Now imagine the demand for a product that is very expensive. Again, the measure of elasticity is in percentage terms thus the elasticity can be directly compared to that for gasoline: an elasticity of 0.25 for gasoline conveys the same information as an elasticity of 0.25 for $25,000 car. Both goods are considered by the consumer to have few substitutes and thus have inelastic demand curves, elasticities less than one.

The mathematical formulae for various elasticities are:

Price elasticity: \eta_p=\frac{\% \Delta Q}{\% \Delta P}

where \eta is the Greek small case letter eta used to designate elasticity. \Delta is read as “change”.

Income elasticity: \eta_Y=\frac{\% \Delta Q}{\% \Delta Y}

Where Y is used as the symbol for income.

Cross-Price elasticity: \eta_p1=\frac{\% \Delta Q_1}{\% \Delta P_2}

Where P2 is the price of the substitute good.

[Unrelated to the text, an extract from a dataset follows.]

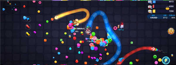 包围刹——以长度兑现统治力当你的蛇长达到地图周长1/3以上,即可启动围猎战术:用身体划出封闭区域,将目标困于内圈。他无路可退,唯有自撞身亡——轻松收割糖果与积分。

Examining closer the price elasticity we can write the formula as:

\eta_p=\frac{\% \Delta Q}{\% \Delta P}=\frac{dQ}{dP}\left(\frac{P}{Q}\right)=b\left(\frac{P}{Q}\right)

Where b is the estimated coefficient for price in the OLS regression.

The first form of the equation demonstrates the principle that elasticities are measured in percentage terms. Of course, the ordinary least squares coefficients provide an estimate of the impact of a unit change in the independent variable, X, on the dependent variable measured in units of Y. These coefficients are not elasticities, however, and are shown in the second way of writing the formula for elasticity as \frac{dQ}{dP}, the derivative of the estimated demand function which is simply the slope of the regression line. Multiplying the slope times \frac{P}{Q} provides an elasticity measured in percentage terms.

 

Along a straight-line demand curve the percentage change, thus elasticity, changes continuously as the scale changes, while the slope, the estimated regression coefficient, remains constant. Going back to the demand for gasoline. A change in price from $3.00 to $3.50 was a 16 percent increase in price. If the beginning price were $5.00 then the same 50¢ increase would be only a 10 percent increase generating a different elasticity. Every straight-line demand curve has a range of elasticities starting at the top left, high prices, with large elasticity numbers, elastic demand, and decreasing as one goes down the demand curve, inelastic demand.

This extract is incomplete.